Серебряный уголок вначале заставил ее поморщиться в недоумении. Потом она улыбнулась:
– Ну конечно! Как-то на Рождество Розамунда подарила нам всем одинаковые рамки для фотографий. Кожаные с серебром – дорожные. А фотографии, сказала она, мы выберем сами. В свою рамку я вставила фото Розамунды и Николаса.
– А какие снимки выбрали Николас и Оливия?
– Николас вставил в рамку фото своих родителей. Рамка какое-то время стояла у него в спальне. Не знаю, что выбрала Оливия, но она сказала, что вряд ли ей придется много путешествовать; возможно, она выбрала фото Джорджа в Индии, потому что он попутешествовал за нее. Помню, Розамунда тогда обняла ее, и лицо у нее потемнело от боли.
– А кусочек кожи, по-вашему, откуда?
– Оливия… держала рядом со своей постелью кожаную записную книжку. Она закрывалась на ремешок и замочек. Я думала, что она ведет дневник. Но она сказала: нет, книжечка для мыслей, которые приходят ночью. Я не понимала, что она имела в виду, пока не узнала, что она пишет стихи. – Рейчел взяла кусочек кожи, повертела между пальцами. – Как грустно, что она сожгла ее! Если, конечно, она в самом деле сожгла свою записную книжку.
– Она? Вы думаете, костер разводила Оливия?
– Кто же еще? Первым из нас сюда приехал Кормак; возможно, он забрал какие-то вещи, не желая, чтобы мы их нашли.

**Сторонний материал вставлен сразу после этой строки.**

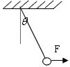 2、计算题 如图所示,一根细线上端固定,下端拴着一个重量为G的小球,静止时细线保持竖直。现给小球一个水平向右的拉力F,把小球拉到某个位置静止。若当细线与竖直方向的夹角为θ时,水平拉力的大小为F,细线对小球的拉力为T。求F与T。
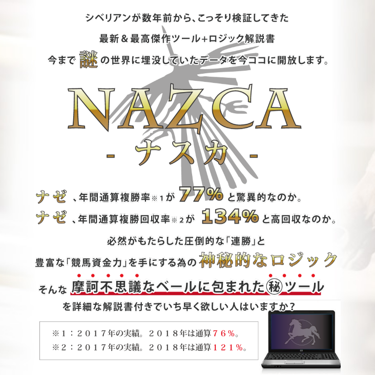 競馬予想の「答え」を一発表示する『NAZCA(ナスカ)』を片手間で活用いただければ、もう「馬券が当たらない」ということはないはずです。

Личные вещи. Что-то, указывающее на его отношения с Оливией. Но мне почему-то не кажется, что он способен в темноте выйти на мыс и разжечь костер. Гораздо умнее было бы отвезти все в Лондон и уничтожить там, где никто ничего не заметит.
– Почему в темноте? Почему вы решили, что вещи сжигали ночью?
Рейчел пожала плечами:
– Просто так подумалось. Так… таинственнее?